*Work required:* Copy every record below exactly as written, but leave out the pictures.

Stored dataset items
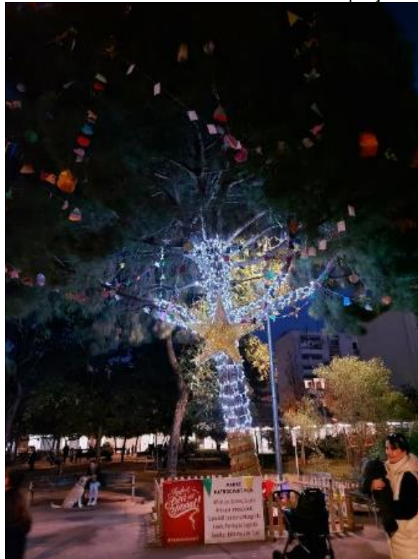
Exemple d'instal·lació lumínica en un arbre natural de la plaça de de Les Termes
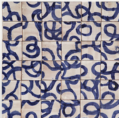
PML032, maiolica acquerellata/watercoloured majolica cm 7x7
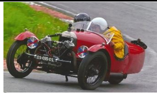
Darmont Special 1928 FR - N° 162
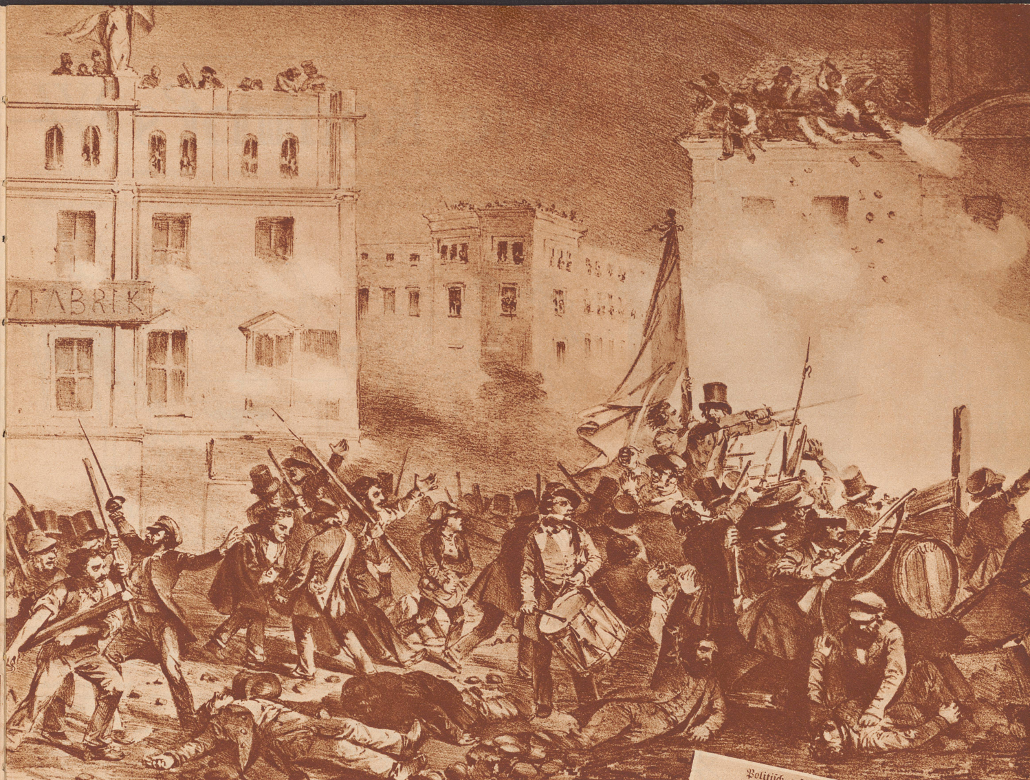
Barrikadenkampf an der Ecke Roß- und Gertraudenstraße in Berlin am 18. März 1848. Une barricade à l'angle des Ross- et Gertraudenstraße à Berlin, le 18 mars 1848.

Lithographie von Elsholtz
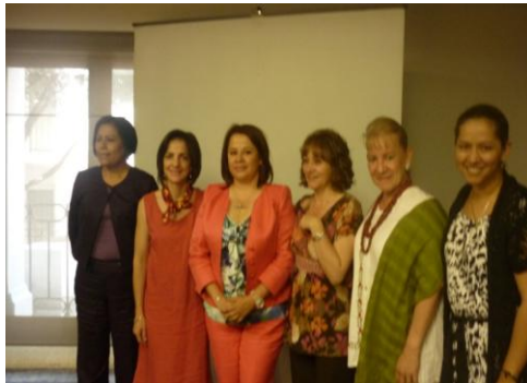
Reunión en el Hotel Presidente Intercontinental con la Delegada de Comisión de Desarrollo de los Pueblos Indígenas y Diputadas de la LVIII Legislatura, trabajos en apoyo a las mujeres de los diferentes distrito.
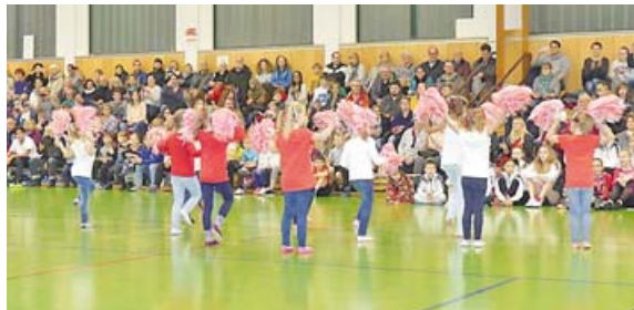
Auch die kleinen Cheerleader begleiteten Hänsel und Gretel durch die Show.

Besuchen Sie uns unter www.kurier-dachau.de
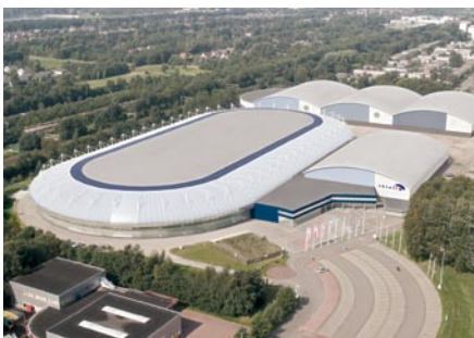
Renovatie Thialf huidige locatie

*Solution to this problem:*
Exemple d'instal·lació lumínica en un arbre natural de la plaça de de Les Termes
PML032, maiolica acquerellata/watercoloured majolica cm 7x7
Darmont Special 1928 FR - N° 162
Barrikadenkampf an der Ecke Roß- und Gertraudenstraße in Berlin am 18. März 1848. Une barricade à l'angle des Ross- et Gertraudenstraße à Berlin, le 18 mars 1848.

Lithographie von Elsholtz
Reunión en el Hotel Presidente Intercontinental con la Delegada de Comisión de Desarrollo de los Pueblos Indígenas y Diputadas de la LVIII Legislatura, trabajos en apoyo a las mujeres de los diferentes distrito.
Auch die kleinen Cheerleader begleiteten Hänsel und Gretel durch die Show.

Besuchen Sie uns unter www.kurier-dachau.de
Renovatie Thialf huidige locatie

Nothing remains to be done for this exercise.